Carbon Footprint of Industrial AI Inference: 2026 Living Benchmark
Living benchmark — last updated 2026-06-03. The honest answer to “what is the industrial AI inference carbon footprint in 2026?” is: it ranges from roughly 0.02 g CO2e per inference on a renewables-fed edge gateway in Norway to well over 3 g CO2e per inference on a coal-leaning grid running large transformer models — a spread of more than two orders of magnitude before you even count embodied carbon. That headline is illustrative; this page is the working ledger we keep updating as MLPerf Power rounds, IEA grid data, and community submissions land.

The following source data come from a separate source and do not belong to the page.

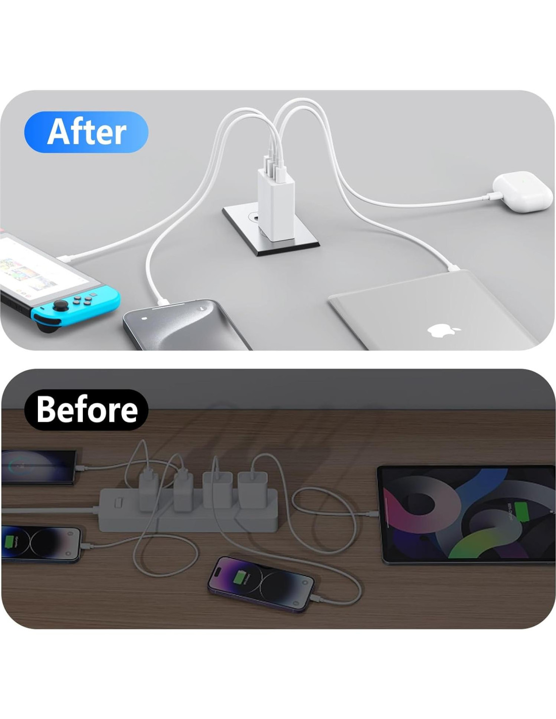 - Para Todos Tus Dispositivos: Debido al especial puerto de 4, el cargador USB es compatible con casi todos los dispositivos electrónicos, adaptador de carga para iPhone 16/16 Pro/16 Pro Max/16 Plus/15/15 Pro/15 Pro Max/15 Plus/14/13/12/11/SE 2020/XR/XS/X/8/7, iPad Air/Pro/Mini, Galaxy, Tablets, LG, Pixel y otros dispositivos digitales compatibles.
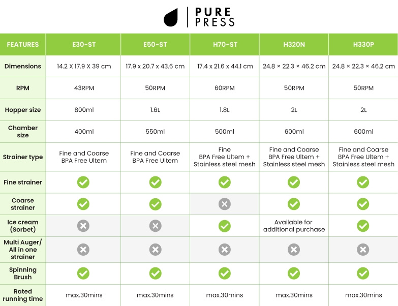Hurom Special Edition H330P Series to wysokiej klasy slow juicer zaprojektowany z myślą o połączeniu efektywnej ekstrakcji soku z trwałością i wygodą użytkowania. Należy do linii Pure Press Line marki Hurom, serii slow juicerów wykorzystujących drobnoziarnistą technologię sit, aby poprzez tłoczenie na zimno uzyskać klarowny, bogaty w składniki odżywcze sok o niskiej zawartości pulpy, zachowujący więcej witamin i minerałów niż szybkie wirowanie.
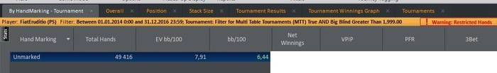 Недозаносы бигов и бигеров 11-55,которых до жопы,уж не буду выкладывать. Выводы простые : селект и терпение.Нескуповские СМы и вармапы откладываются до очень большого банкролла,ну или буду играть в долях.А всем остальным памятка,что МТТ - это в основном рандом.
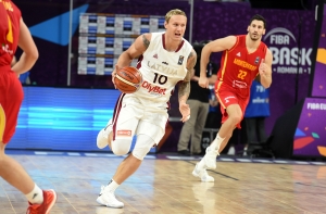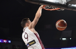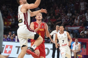 Латвийцы убедительно выиграли борьбу за подборы 40:25, а также реализовали 15 из 25 трехочковых в то время, как черногорцы были точны в девяти атаках из-за дуги из 22.
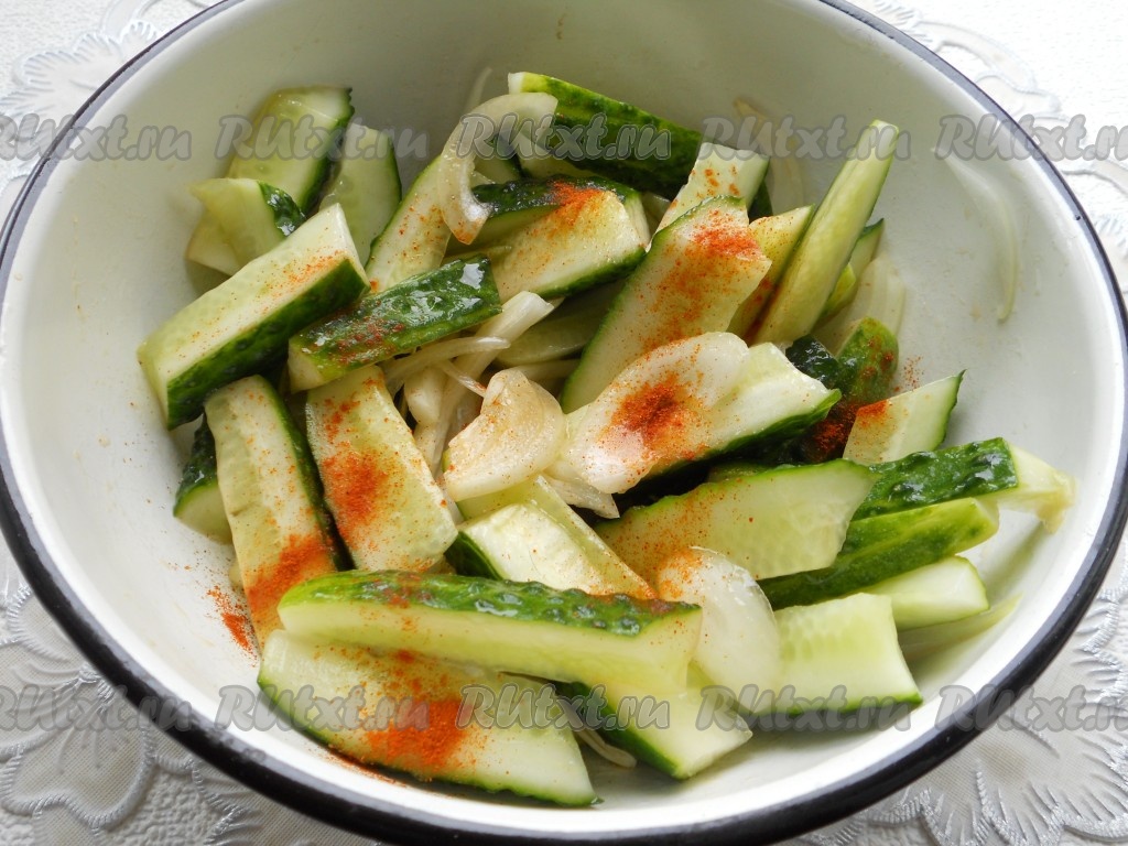 Огурцы порезать длинными ломтиками. Посолить и оставить на 30 минут. После чего выделившуюся жидкость слить.
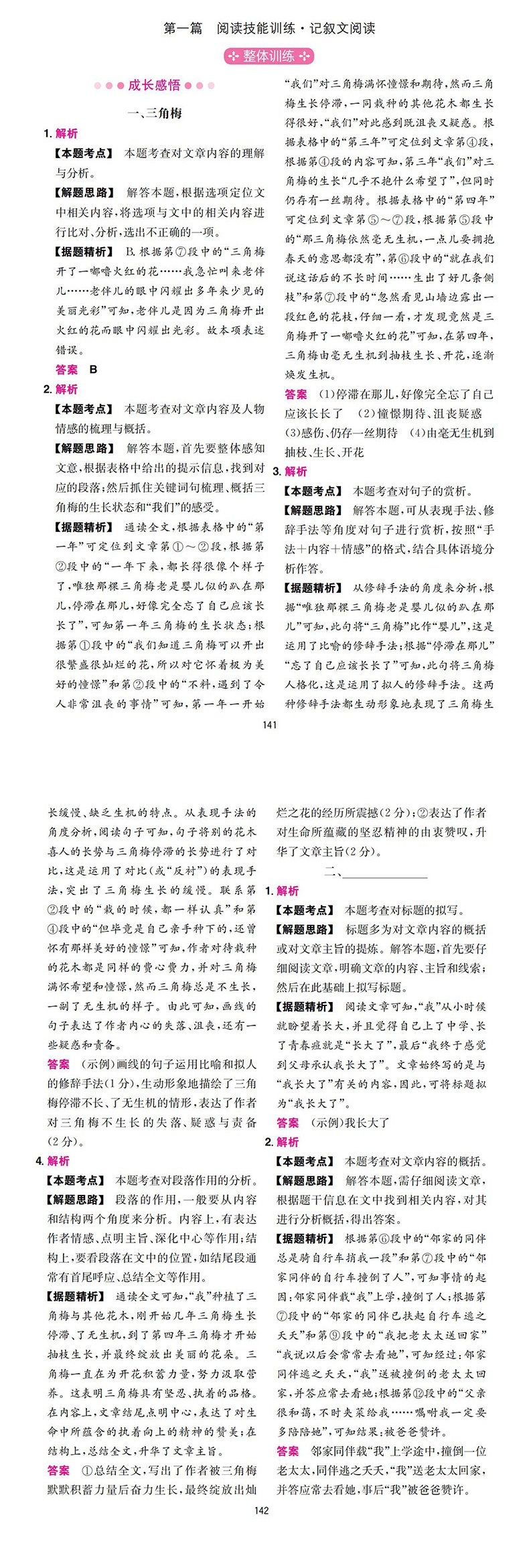 一本初中语文阅读训练五合一七年

If you came here for one single number to drop into a sustainability slide, that number does not exist, and any vendor offering it is selling you a story rather than a measurement.
Architecture at a glance




This post sets out a transparent methodology for measuring the industrial AI inference carbon footprint in 2026, lists the workloads and hardware tiers we benchmark, maps the regional grids that dominate the result, and gives you illustrative ranges per business outcome — grams of CO2e per detected defect, per anomaly, per drafted work order. Every number is labelled as either a cited primary source or an illustrative community estimate. Treat the framework as the durable bit and the numbers as a snapshot that will move.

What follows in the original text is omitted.